## [Information]

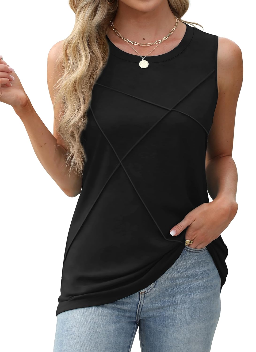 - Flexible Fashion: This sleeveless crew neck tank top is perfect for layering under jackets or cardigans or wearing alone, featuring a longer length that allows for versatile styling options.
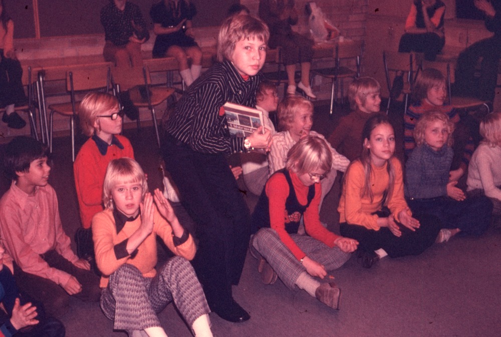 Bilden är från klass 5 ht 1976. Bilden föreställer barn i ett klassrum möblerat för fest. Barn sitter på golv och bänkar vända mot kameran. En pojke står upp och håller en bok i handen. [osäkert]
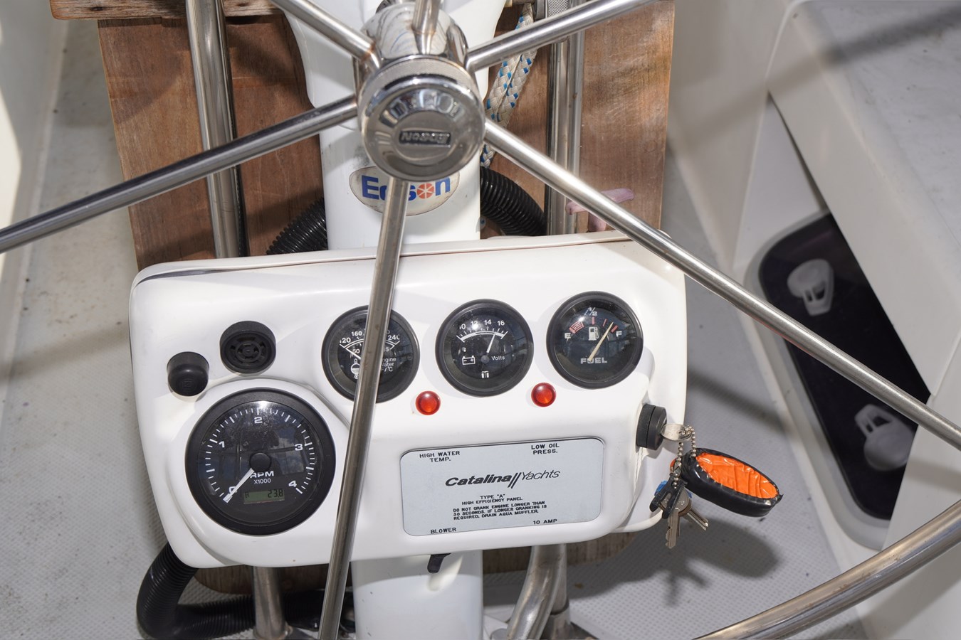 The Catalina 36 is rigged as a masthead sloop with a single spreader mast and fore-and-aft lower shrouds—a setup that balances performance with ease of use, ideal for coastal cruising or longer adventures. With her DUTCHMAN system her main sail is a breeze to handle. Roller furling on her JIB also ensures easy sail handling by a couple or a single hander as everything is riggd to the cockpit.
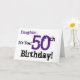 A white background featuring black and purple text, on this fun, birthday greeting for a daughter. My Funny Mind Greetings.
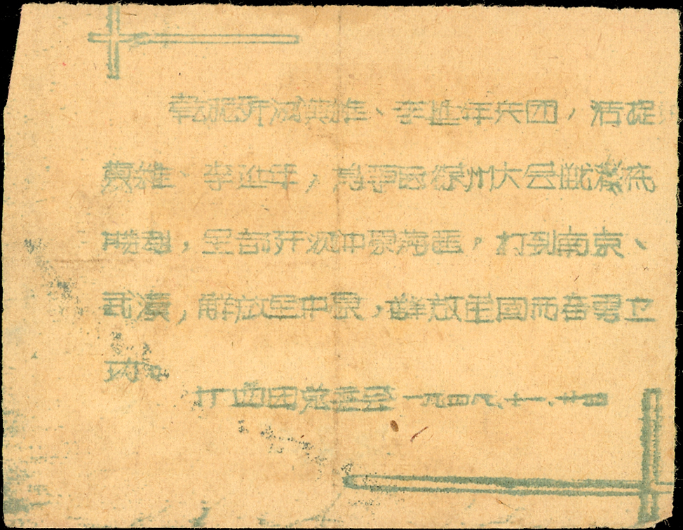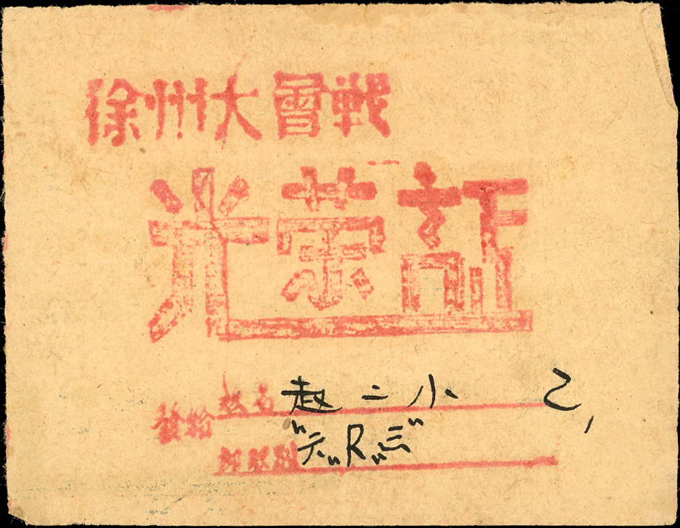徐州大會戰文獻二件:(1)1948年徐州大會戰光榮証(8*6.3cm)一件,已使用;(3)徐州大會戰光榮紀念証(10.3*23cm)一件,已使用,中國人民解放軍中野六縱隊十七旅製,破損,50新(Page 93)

## [Directions for this task]
Output, line for line and exactly, the records above from their first line through the one with "A white background", both ends included, but no pictures.

## [Task solution]
 - Flexible Fashion: This sleeveless crew neck tank top is perfect for layering under jackets or cardigans or wearing alone, featuring a longer length that allows for versatile styling options.
 Bilden är från klass 5 ht 1976. Bilden föreställer barn i ett klassrum möblerat för fest. Barn sitter på golv och bänkar vända mot kameran. En pojke står upp och håller en bok i handen. [osäkert]
 The Catalina 36 is rigged as a masthead sloop with a single spreader mast and fore-and-aft lower shrouds—a setup that balances performance with ease of use, ideal for coastal cruising or longer adventures. With her DUTCHMAN system her main sail is a breeze to handle. Roller furling on her JIB also ensures easy sail handling by a couple or a single hander as everything is riggd to the cockpit.
 A white background featuring black and purple text, on this fun, birthday greeting for a daughter. My Funny Mind Greetings.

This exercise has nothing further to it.